England’s margin of defeat was 178 runs although the tourists fell 6.3 overs short of batting out the fifth day and ensuring the series remained at deadlock heading into the third and final Test at Sharjah, which starts on Sunday.
The spotlight is set to fall most harshly on wicketkeeper Jos Buttler after his poor form with the bat continued in Dubai, while the glare continues to home in on all-rounder Moeen Ali and experienced campaigner Ian Bell.
“Jos is going through a tough time. This is what happens in international cricket, that someone is struggling,” said Cook.

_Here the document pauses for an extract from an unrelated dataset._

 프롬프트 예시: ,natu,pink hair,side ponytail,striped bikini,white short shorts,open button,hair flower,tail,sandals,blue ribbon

“Moeen didn’t quite get it right with the ball. Sometimes when you are expected to turn it and take wickets you try too hard and force it. He will be disappointed. We are lucky we have a six-man attack to share the load.”

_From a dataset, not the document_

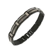 Two Tone Stainless Steel Bracelet with Black Diamonds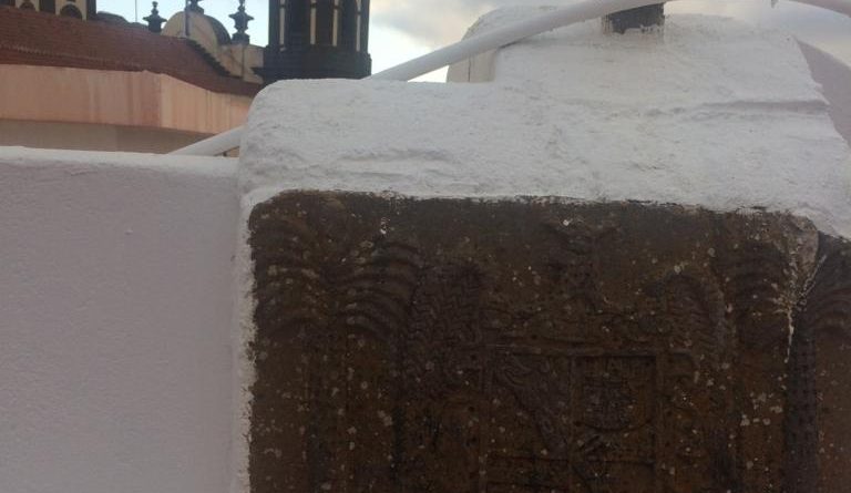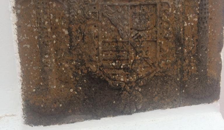 Pero también puede señalarse un elemento bastante curioso que posiblemente date de alguna etapa anterior: se trata de un blasón de cantería muy rico en detalles que bien merecería un estudio o investigación.

Buttler’s susceptibility to spin was evident again as he edged Yasir Shah to Younis Khan at slip for seven – he averages just 12 since the start of the Ashes.

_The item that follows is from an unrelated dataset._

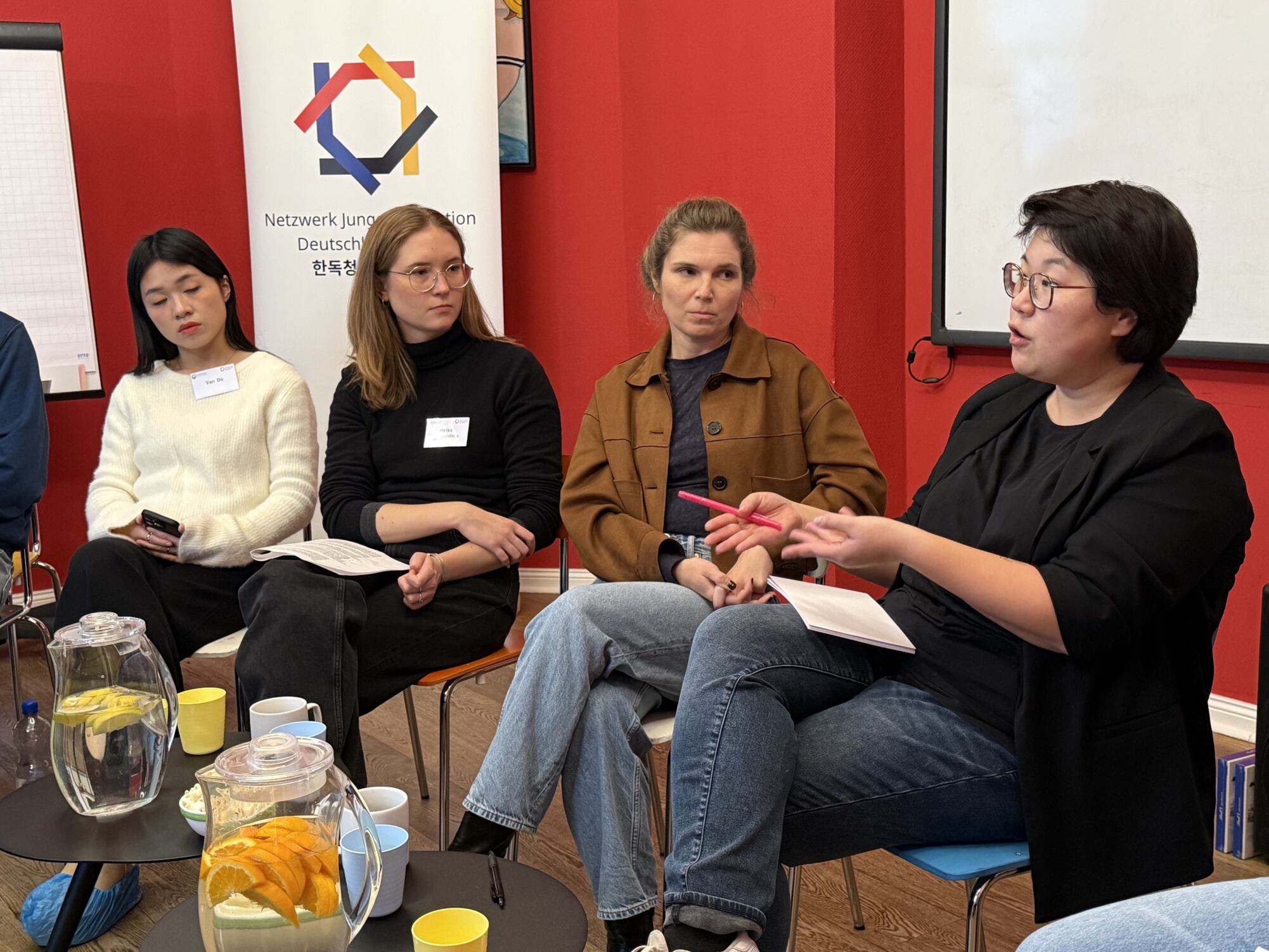 Der Samstag war der vertieften Gruppenarbeit gewidmet. Nach einem sehr informativen Expertenvortrag, der neue Perspektiven eröffnete, erarbeiteten wir in unserer AG eigene Lösungsansätze. In der Gruppenarbeit lag der Fokus nicht nur auf Korea, sondern bewusst auch auf Deutschland. Das ermöglichte einen direkten Vergleich: Welche Gemeinsamkeiten und Unterschiede gibt es bei den Herausforderungen von Altersarmut und sozialer Inklusion? Durch diesen Blick konnten wir bereits vorhandene Lösungsansätze des einen Landes auf die Situation des anderen beziehen, sie auf ihre Übertragbarkeit prüfen und daraus neue Ideen entwickeln. Besonders gut gefiel mir die Struktur des Tages mit ausreichend Pausen, die konzentriertes Arbeiten ermöglichte Im Anschluss stellten alle Gruppen ihre Ergebnisse vor. Dieser Austausch war sehr bereichernd, da man nicht nur das eigene Thema vertiefte, sondern auch Einblick in die Arbeit der anderen bekam. Ein prägendes Format war die Fishbowl-Diskussion mit Ye-one Rhie und Madeleine Hofmann. Sie gewährte einen authentischen Einblick in die Umsetzung der diskutierten Themen in Politik und Medien. Neben all den Vorträgen und Diskussionen kam auch das lockere Miteinander nicht zu kurz. Beim gemeinsamen Karaoke-Abend kam man sich näher, und das Frühstück am letzten Morgen war ein schöner, entspannter Abschluss für alle.

The option remains for England to hand Jonny Bairstow the gloves and drop Buttler for either Alex Hales or James Taylor.
Moeen’s six wickets against Pakistan have cost 53 runs apiece and he has scored only 48 in four innings while partnering Cook at the top of the batting order.
Bell, meanwhile, averages 26.55 in 2015 and has failed to score a Test century in 21 knocks.
Resuming on 130-3 yesterday, England had plummeted to the perilous position of 193-7 before Yorkshire’s Adil Rashid, playing in his second Test match, led an unlikely revival with a score of 61.
The 27-year-old occupied the crease for 172 deliveries and struck his maiden Test fifty, sharing stands of 60 with Stuart Broad and 55 with Mark Wood – the highest ninth-wicket stand in a fourth innings in Test history.
England’s total of 312 was their highest ever in Asia, beating the 285-7 made against Sri Lanka at Kandy in 2003, although the damage was done earlier in the day as vice-captain Joe Root perished less than an hour into play for 71.
Bairstow made 22 from 86 balls while Stokes departed for 13, as Yasir finished with figures of 4-87 and fellow spinner Zulfiqar Babar 3-53, although a first-innings slump from 206-3 to 242 left Cook lamenting his side’s propensity to collapse.
“You always have faith and belief in the team but I always thought we were two wickets ahead of where we should have been,” added Cook.
“It was a long way back from from that third morning and we probably didn’t deserve to get out of jail, however well Adil played.
“You don’t need to be a rocket scientist to realise the problem. If you bat 75 overs in the first innings and 140 in the second it shows how badly we played in the first. It happens too often at the moment as a side. It’s a real frustration.”